Consequences of Translesion Synthesis Activity
The activity of translesion polymerases presents a fundamental trade-off for the cell, balancing immediate survival against long-term genetic fidelity. Their primary benefit is the prevention of replication fork collapse. By enabling the replication machinery to bypass lesions, TLS ensures that the entire genome can be duplicated before cell division, preventing chromosome breaks and subsequent cell death. This function is important for cellular survival in the face of persistent DNA damage.
This survival, however, often comes at a cost. The inherently error-prone nature of many TLS polymerases means that while they solve the problem of a stalled fork, they frequently do so by introducing mutations into the DNA sequence. When a TLS polymerase inserts an incorrect nucleotide opposite a damaged base, this error can become permanently fixed in the genome.

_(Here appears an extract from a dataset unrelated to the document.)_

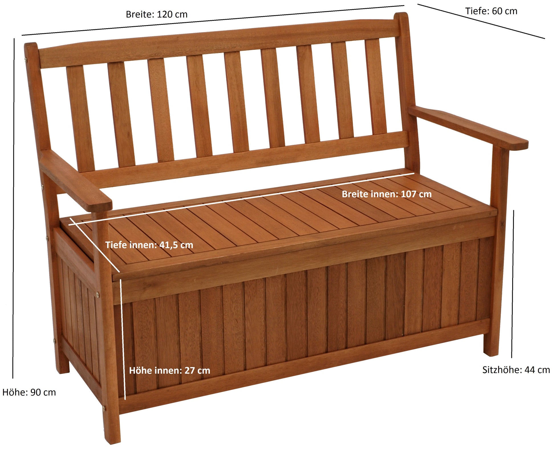 Diese elegante Truhenbank ist aus hochwertigem Eukalyptus - Hartholz gefertigt. Sie bietet viel Stauraum um beispielsweise Auflagen oder Kissen aufzubewahren. Die im Rückenteil eingesetzten Holzstreben verleihen der Bank eine sehr ansprechende Optik. Gleichzeitig ist die Bank besonders stabil und solide.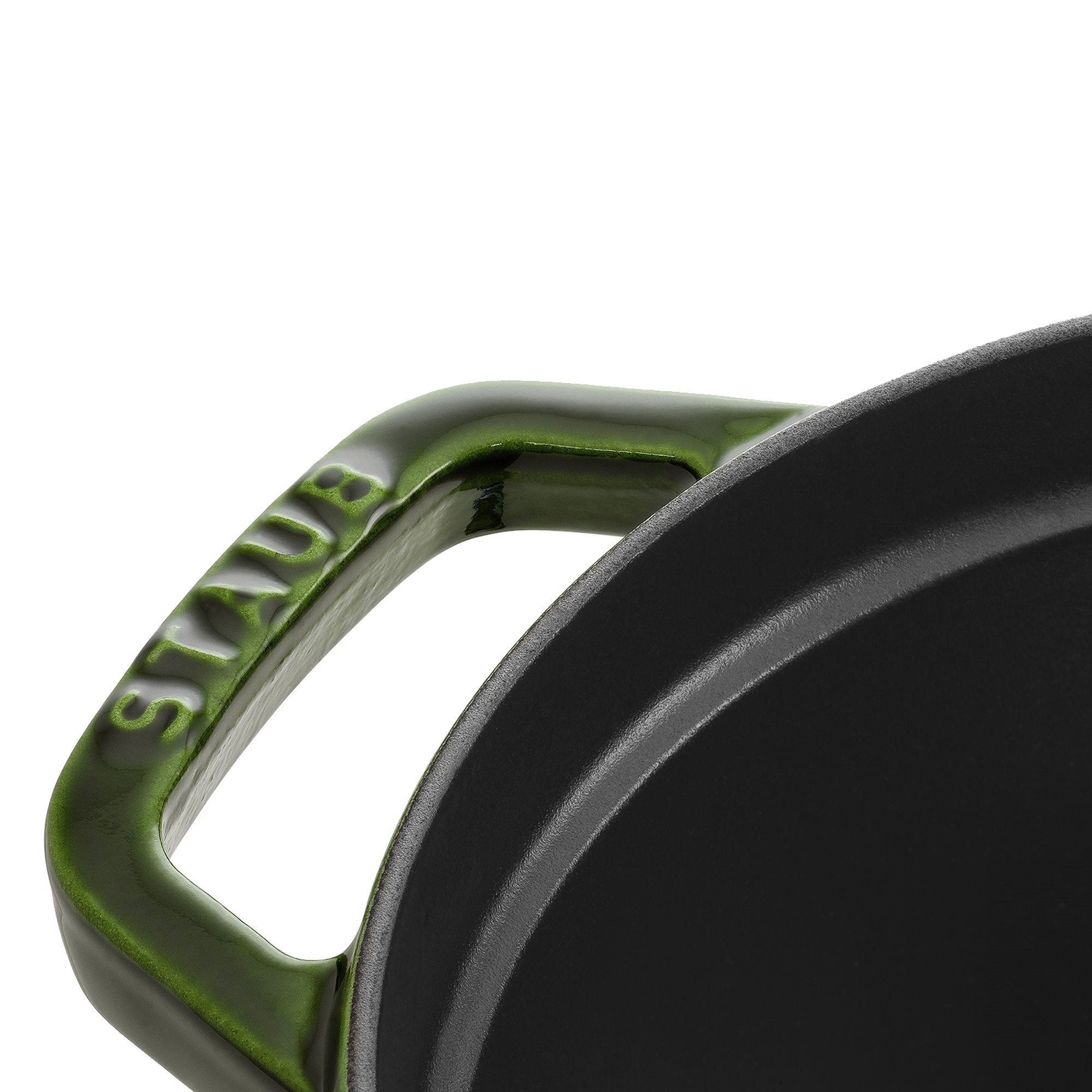 On the inside, the dish is provided with a layer of matte black enamel produced by Staub through special technologies that offer advantages in the case of cooking techniques such as simmering, baking or caramelization. The oils (fats) used during cooking will penetrate the pores of the matte enamel and create a smooth natural non-stick surface. That is why the Staub cookware get better and better as the years go by, as you use them.

In the context of cancer, the role of TLS is complex. The increased mutation rate fueled by TLS can contribute to the accumulation of genetic changes that lead to malignancy. Conversely, cancer cells often co-opt TLS pathways to survive the DNA-damaging effects of chemotherapy and radiation, making them a target for new therapies.
While somatic mutations are often detrimental, the mutations introduced into germline cells (sperm and egg) by TLS can have broader implications. Over evolutionary timescales, the genetic variation generated through such processes can provide the raw material for natural selection. This highlights the dual nature of translesion synthesis: a necessary mechanism for survival that also contributes to long-term evolution.